Perhaps I should research constructive, productive, uplifting, rewarding activities waiting for a kettle to boil. For example – maybe I could pack my whole daily exercise routine into that four minutes. And now I’ve got Iron Maiden’s song ‘Wasted Years’ crashing round in my head.

“Now understand, Don’t waste your time always searching for those wasted years.”

I find Iron Maiden loud aggressive and mangled even when I’m just scribbling down their lyrics.

“Face up, make your stand….”

Realise you’re living in the golden years, hey!”

Hey yeah! Makes me wonder who else is fleecing me of my golden years? For one... the very person who swore the Hippocratic

Oath to uphold specific ethical standards to promote my longevity.

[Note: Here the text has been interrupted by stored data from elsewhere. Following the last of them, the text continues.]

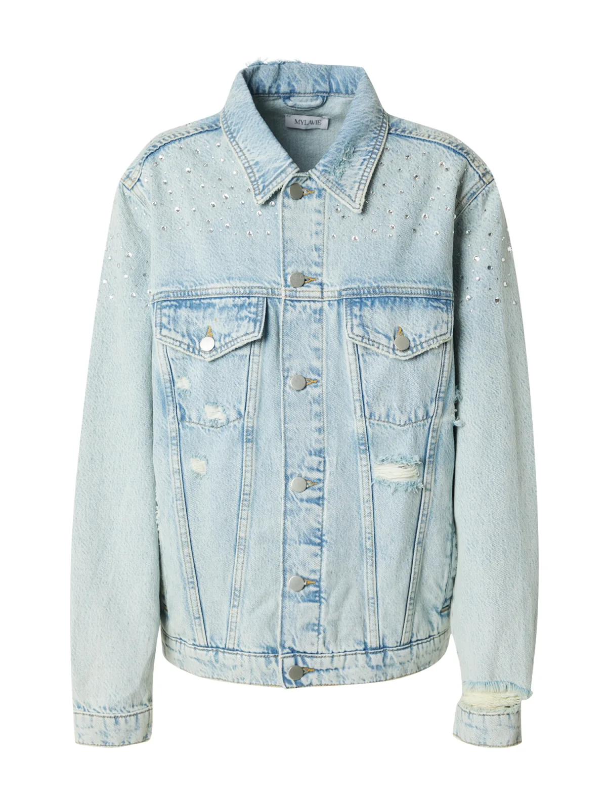 Design: 1-knoops manchetten, Overcut schouder, Turn-down kraag, Borstzak; Type sluiting: Knoopsluiting; Voering: Niet gevoerd; Materiaal: Denim; Motief: Effen; Extra's: Met halfedelstenen, Contrasterende naden, Used-look, Milieuvriendelijk geproduceerd; Pasvorm: Losse pasvorm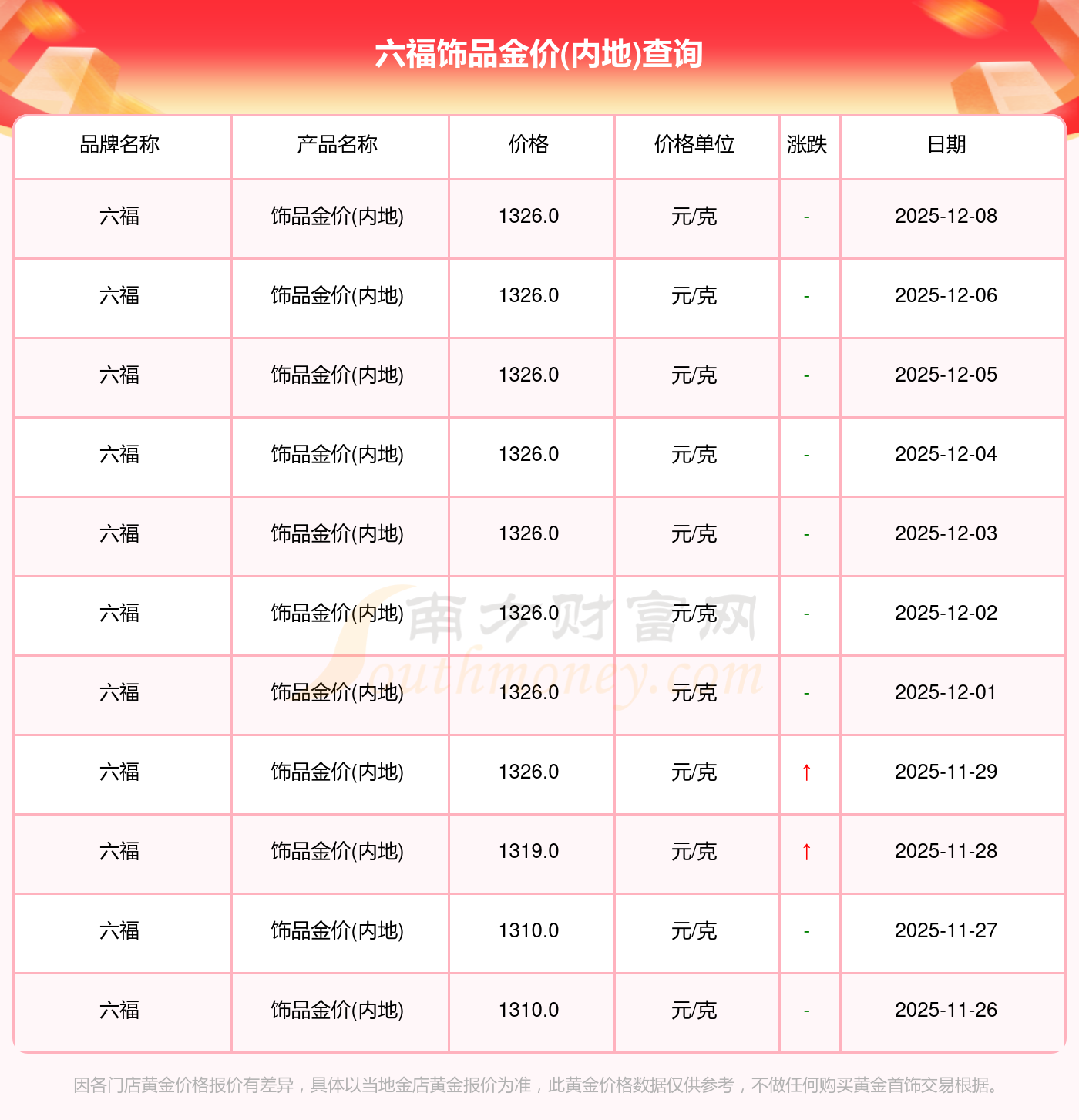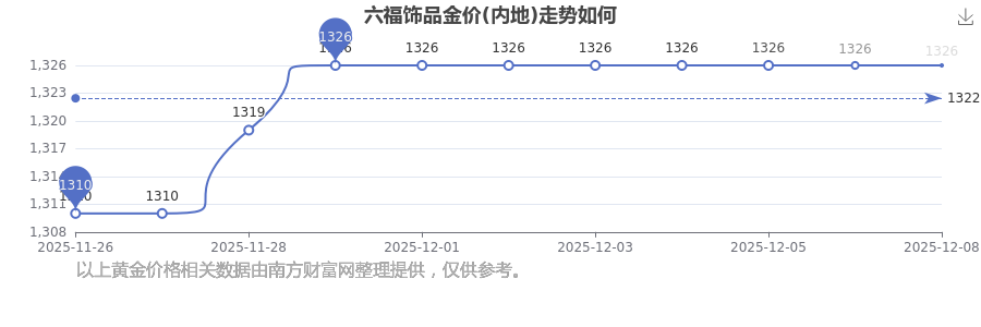 六福 飾品金價(內地)今日最新的價位是1326.0元/克。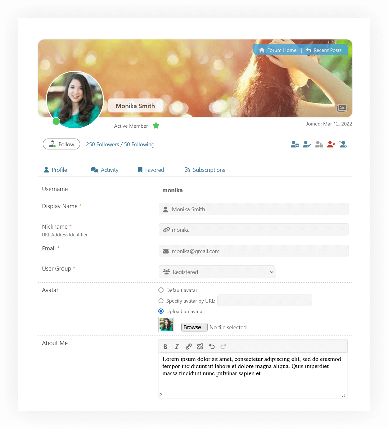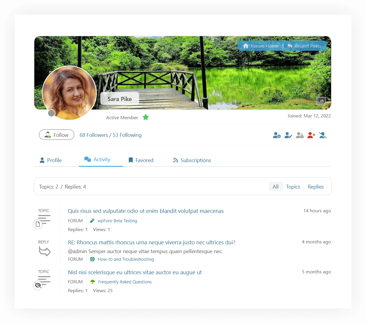 Powerful and beautiful profile system, with member statistic, settings, activity and subscriptions tabs.
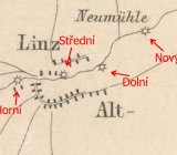 Asi okolo roku 1900 došlo z důvodů záplav k úpravě, přemístění koryta Mlýneckého potoka. Původně tekl potok okolo Dolního mlýna, ale po úpravě se potok ocitl asi padesát metrů vzdálený. Pro potřeby mlýna bylo ponecháno staré koryto a od mlýna byl vybudován asi 120 metrů dlouhý podzemní kanál.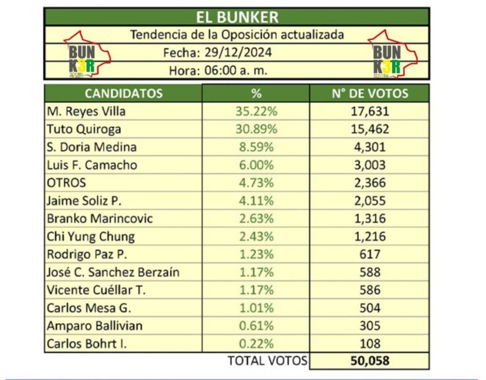 El sondeo, que se realizó entre el 26 y el 28 de diciembre, reveló que Manfred Reyes Villa lidera con el 35,22% (17.631 votos), seguido por Jorge Tuto Quiroga con el 30,89% (15.462 votos). En tercer lugar se posicionó Samuel Doria Medina con el 8,59% (4.301 votos), mientras que Luis Fernando Camacho ocupó el cuarto lugar con el 6% (3.003 votos).
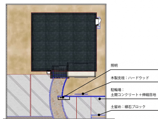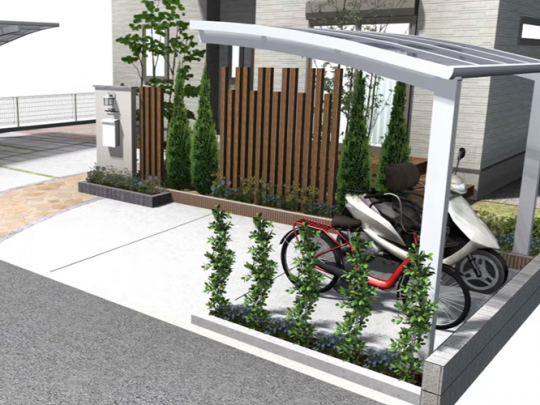 玄関脇の植栽スペースをすっきりさせて、駐輪スペースにしました。
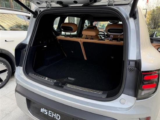 作为一款中型SUV,精灵#5 EHD凭借2900mm的超长轴距与纯电平台的空间优势,实现了85%的得房率,空间表现远超同级别竞品。全车座椅的填充软硬适中,前排座椅的侧向支撑到位,过弯时能有效固定身体姿态。驾驶位座椅支持8向电动调节+4向支撑调节,身高180cm的驾驶者也能找到舒适的坐姿。座椅前方的腿部空间充裕,方向盘支持上下+前后调节,能适配不同身材的驾驶者。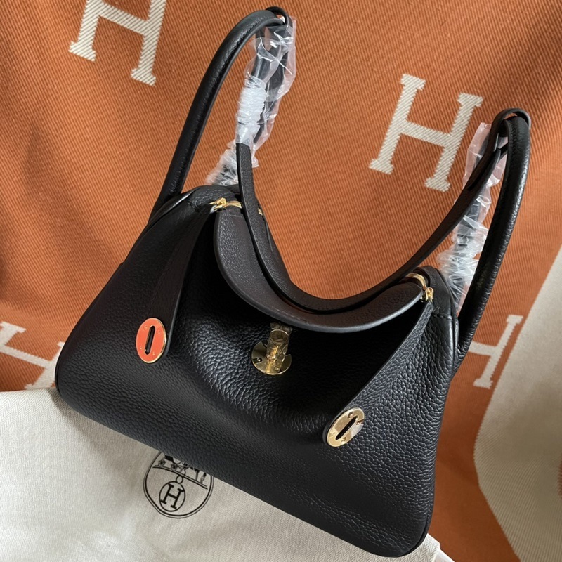 Herm?s Lindy Tote Bag 수입 TC 소가죽 블랙 골드와 실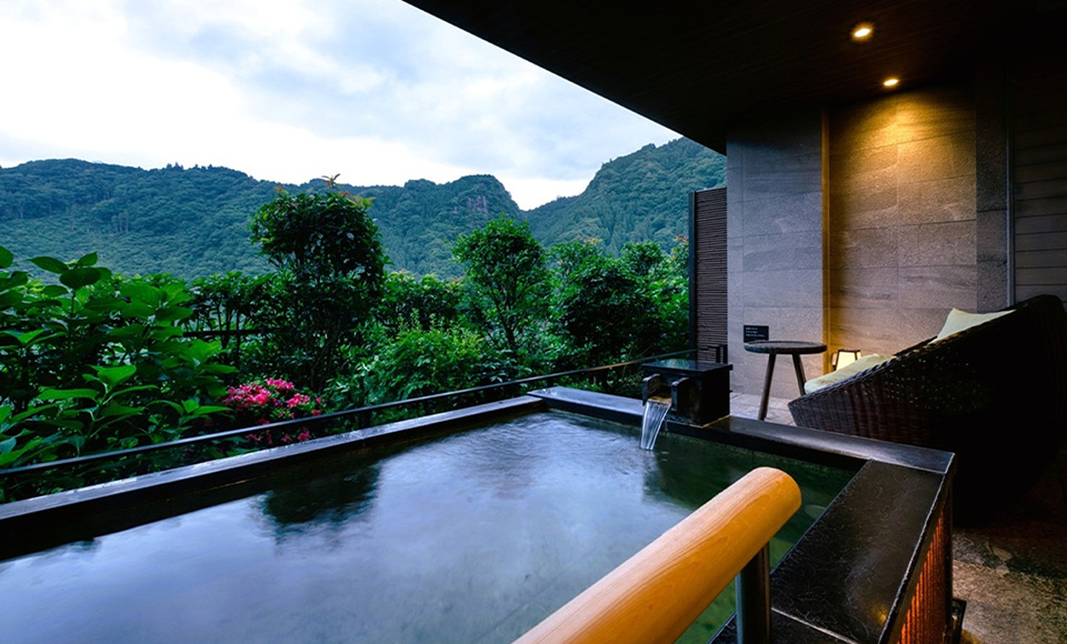別棟で独立した静かな離れ家です。響渓谷の絶景を満喫しながらお寛ぎいただける露天風呂と内風呂(ジャグジーバス)付きの二間続きのスイートルームです。

The doctor – at $50$60 a consultation on how to best preserve or extend what time I have left. But I gobble up 30 to 40 minutes of it in the waiting room. That’s 2.6 hours a year of my life if I make four appointments. I could have seen a couple of movies, re-arranged my socks draw, taken a pumice to the callouses on my feet. Endless excitement and joy. But no – I was waiting and wasting.

Chop Suey

The Chinese say: “Enjoy yourself. It’s later than you think”. Then in the same breath, the lovely lady at my favourite takeout – she does a sublime chop suey with a fistful of cashews – always says in her delightful way: “Ready 15”. Everyone has to “wait 15” regardless of what they order and how busy they are. No-one’s time is any more important than anyone else’s. I love that. I ‘chop suey’ once a week…so each year I commit $884 and 13 hours of what’s left of my life waiting on chop suey. So, I read the menu board, again, and watch other people read the menu board. Why? They have already ordered. It’s sucking up our lives.

Nailed it

Psychiatrist Elisabeth Kuble-Ross – she’s studied near-death, which at 72, puts me right in her study demographic. Elisabeth nailed it. “It’s only when we truly understand we have a limited time on earth, and have no way of knowing when our time is up, that we will begin to live each day to its fullest, as if it were the only one we had.”

There are no credits for waiting at red lights or watching the kettle boil. And it’s not that we have little time, but more that we waste a good deal of the time we do have. Or someone else does.